Your assignment =
Leave every image behind and restate the data word for word.

Given information =
• • • • • • •

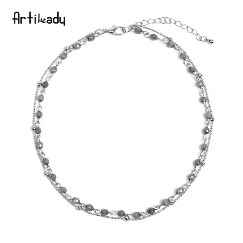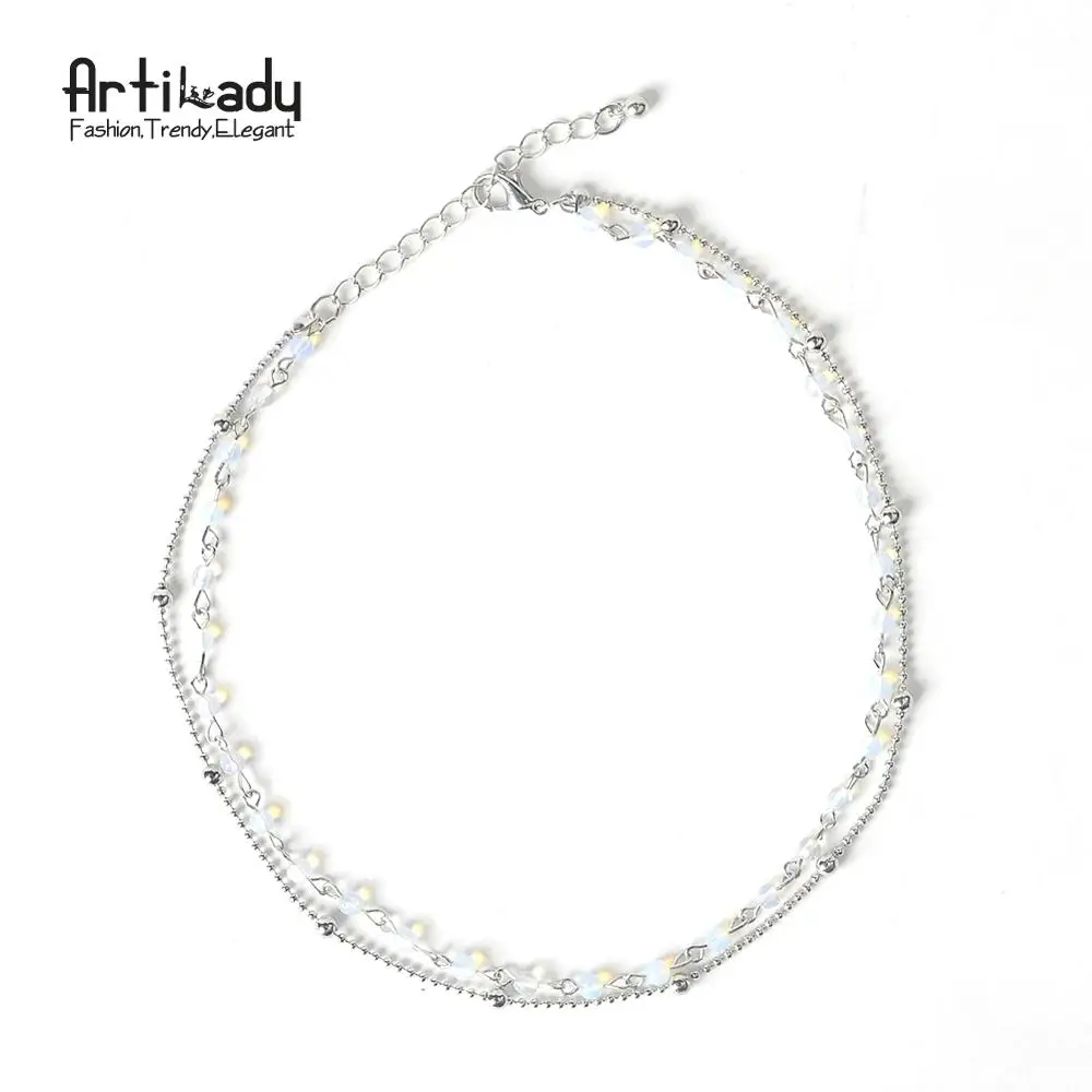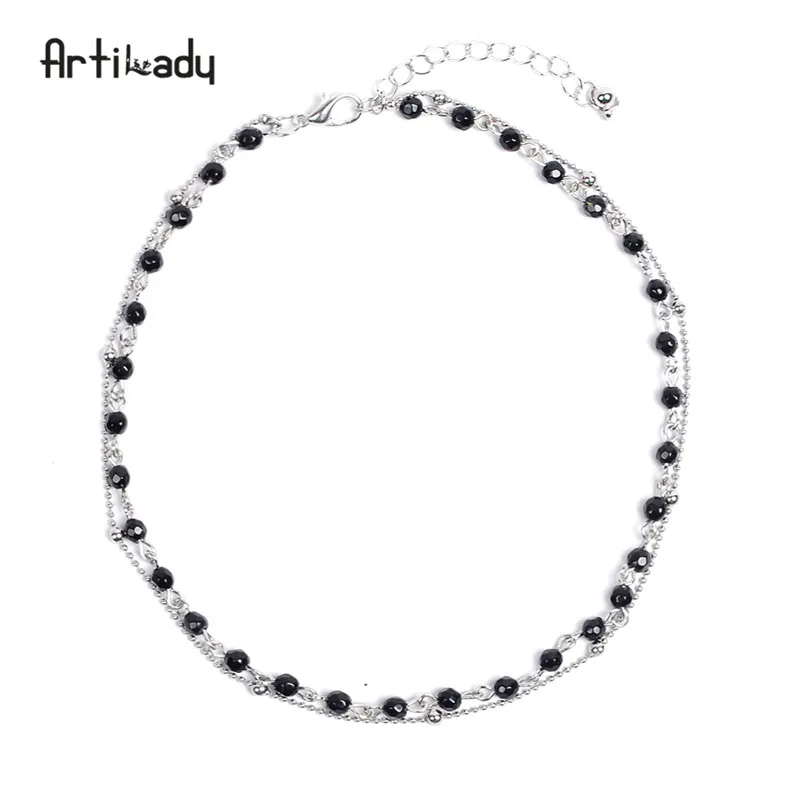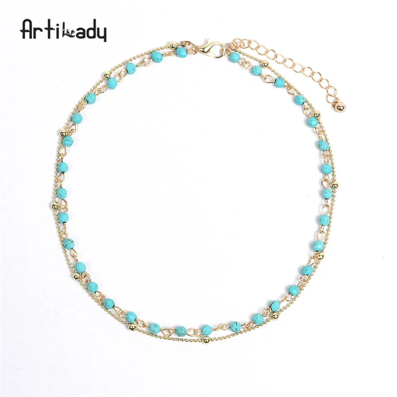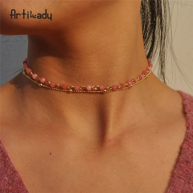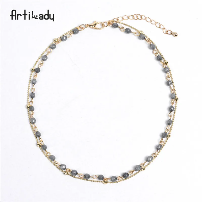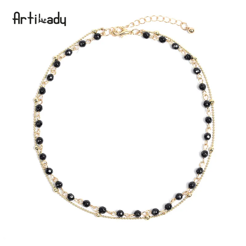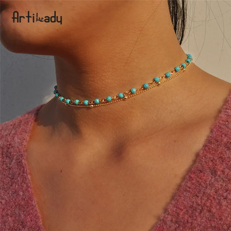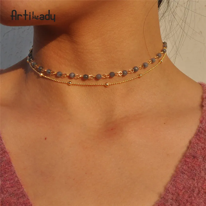 layer necklace:bead choker necklace
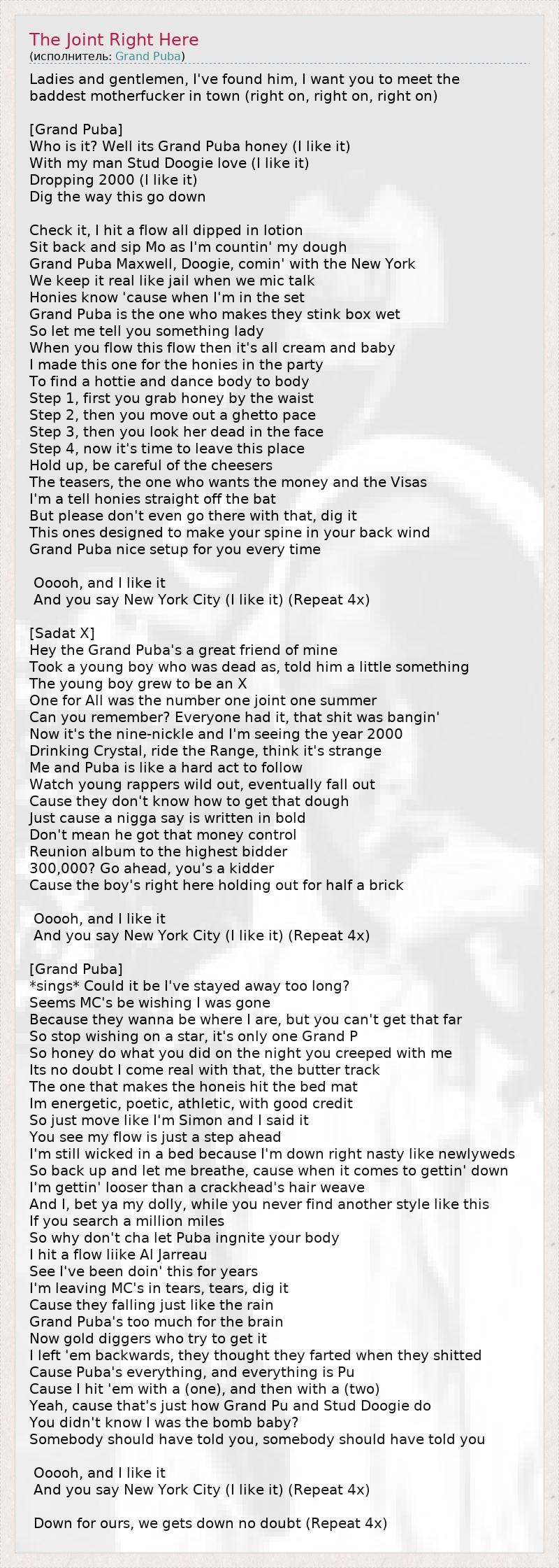 And you say New York City (I like it) (Repeat 4x)
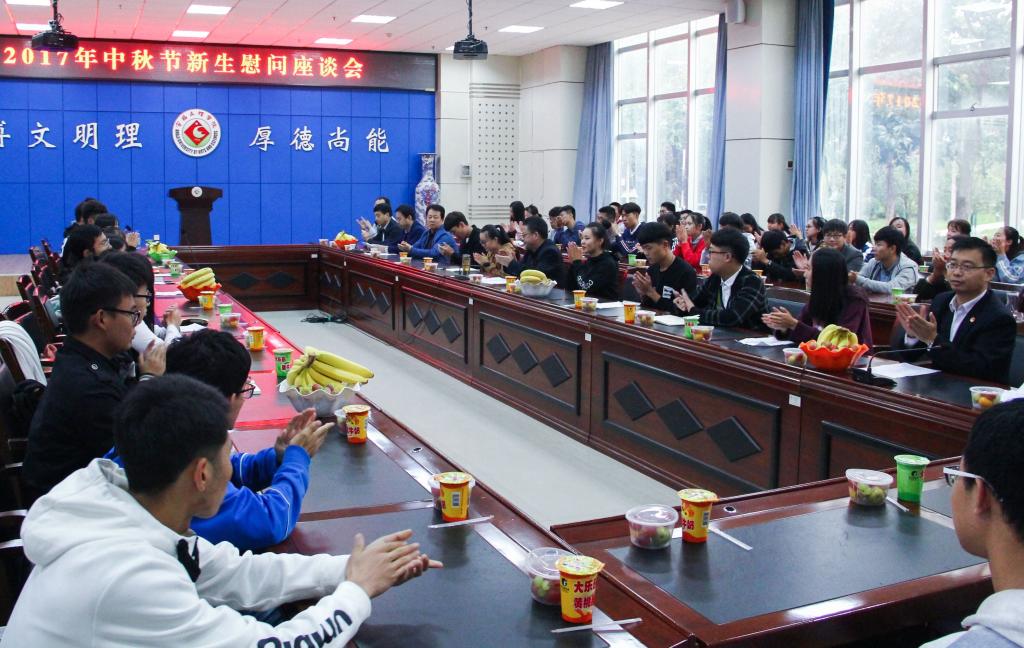 10月4日下午,学校在新校区甘棠厅召开了2017年中秋节新生慰问座谈会。校党委副书记栾宏出席慰问活动并讲话,座谈会由学工部(处)长冯森主持。

• • • • • • •

Task response =
 layer necklace:bead choker necklace
 And you say New York City (I like it) (Repeat 4x)
 10月4日下午,学校在新校区甘棠厅召开了2017年中秋节新生慰问座谈会。校党委副书记栾宏出席慰问活动并讲话,座谈会由学工部(处)长冯森主持。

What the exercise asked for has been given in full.